Quando Doug mi da il cambio la mattina seguente mi trova pallida come un guscio svuotato.
Sto per crollargli addosso, cerco di puntellarmi sulla parete al mio fianco.
“Ehi, Blair. Tutto bene?”
Muovo la testa, sperando sia il movimento giusto per dire sì.
“Ti sei ammalata?”
Mugolo.
“Forse, un po’…”
“Hai la febbre?”
Dimenticavo che Doug è un po’ ipocondriaco. Mi affretto a rassicurarlo. Ma senza toccarlo.
“No, no, per niente. Sono solo stanca.”
Mi scruta accigliato. Non sono riuscita a convincerlo.

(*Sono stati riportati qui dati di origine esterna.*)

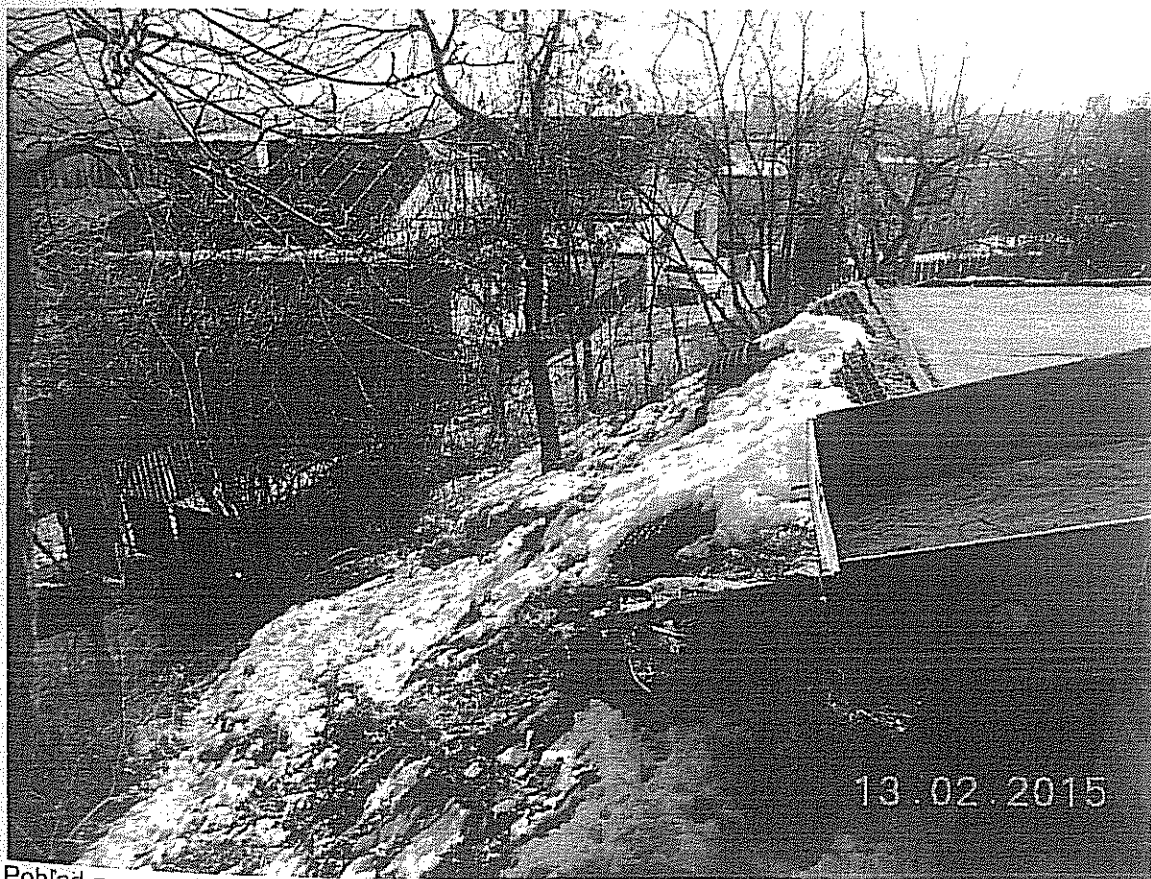
Pohľad na parcelu z rohu bytového domu na parc. 7096

“Beh, ora vai a casa a riposarti. Ok?”
Mi isso il borsone sulla schiena ed esco dalla biblioteca. Faccio ciao ciao con la mano a Doug allontanandomi, anche se lui non dismette il suo grugno allarmato. Svolto l’angolo conscia di avere ancora i suoi occhi puntati sulle spalle.
 
Stanotte è stato surreale. È l’unica parola che posso usare per descrivere le ultime sei ore della mia esistenza. Surreali.

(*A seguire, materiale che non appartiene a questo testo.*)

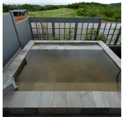
男女ともに内風呂(画像左)と露天風呂(右)を備える温浴施設。露天風呂から仙台市街を一望できる

Dopo il mio infelice tentativo di svicolare alla proposta di Jaha, lui mi aveva spiegato che in cambio per il lavoro svolto avrei ottenuto la libertà per John. John sarebbe tornato a casa, nel suo lotto senza padre, con la fedina penale linda e scintillante. Avrebbe evitato l’espulsione, inevitabile al compimento dei diciotto anni. L’avrei rivisto. Meraviglioso.
 
Non fosse che il lavoro non sapevo ancora in cosa consistesse – e vista la reticenza del Cancelliere iniziavo a sospettare implicasse tortura e omicidio e mi sfuggiva l’indispensabilità di un bibliotecario nella tortura e nell’omicidio – e che avevo appena firmato venti pagine di contratto che servivano a ricordarmi che se avessi spifferato anche solo una virgola, sarei finita a fare compagnia ad Ellis Fawn, per sempre insieme a volteggiare nel nulla cosmico. In questo senso, non avere ancora niente da spifferare mi aiutava parecchio.

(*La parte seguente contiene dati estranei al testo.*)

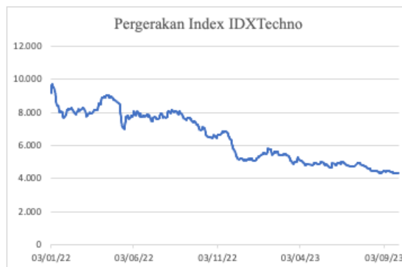
Gambar 1. Fluktuasi Index Saham IDX Techno Q1 2022-Q3 2023

Sektor teknologi pada pasar saham merupakan sektor baru yang menarik banyak minat para investor karena sektor ini dipercaya sebagai sektor yang memiliki prospek baik di masa depan dan juga banyaknya sentimen positif bagi sektor teknologi (Hidayat & Jubaedah, 2022). Hal ini disebabkan karena adanya pertumbuhan ekonomi digital yang merupakan salah satu pilar pertumbuhan ekonomi dunia. Di Indonesia, pertumbuhan sektor teknologi disebabkan karena adanya pertumbuhan penggunaan internet yang pesat dan adanya dukungan pemerintah dengan mengeluarkan berbagai kebijakan untuk mendukung pengembangan ekonomi digital. Lahirnya berbagai perusahaan Start-up teknologi hasil karya anak bangsa seperti Bukalapak dan GOTO juga menjadi faktor pendukung dalam pertumbuhan sektor ini. Kendati demikian, kenyataan di lapangan menunjukkan bahwa perusahaan pada sektor teknologi tidak selalu mengalami peningkatan dalam aspek nilai pasar perusahaan. Hal ini dibuktikan dengan turunnya index saham teknologi IDX atau IDXTechno dari kuartal pertama tahun 2022 hingga kuartal ketiga 2023 yang disajikan pada gambar berikut:

Avevo firmato senza pensare, perché sapevo che se mi fossi messa a pensare non avrei firmato.
Mi ero focalizzata su John, sulla sua brutta faccia storta che mi prendeva sempre in giro con mezza bocca piegata in uno sberleffo, che era il suo modo di sorridermi. Lo faceva col collo inclinato da una parte e il mento in su, dondolandosi.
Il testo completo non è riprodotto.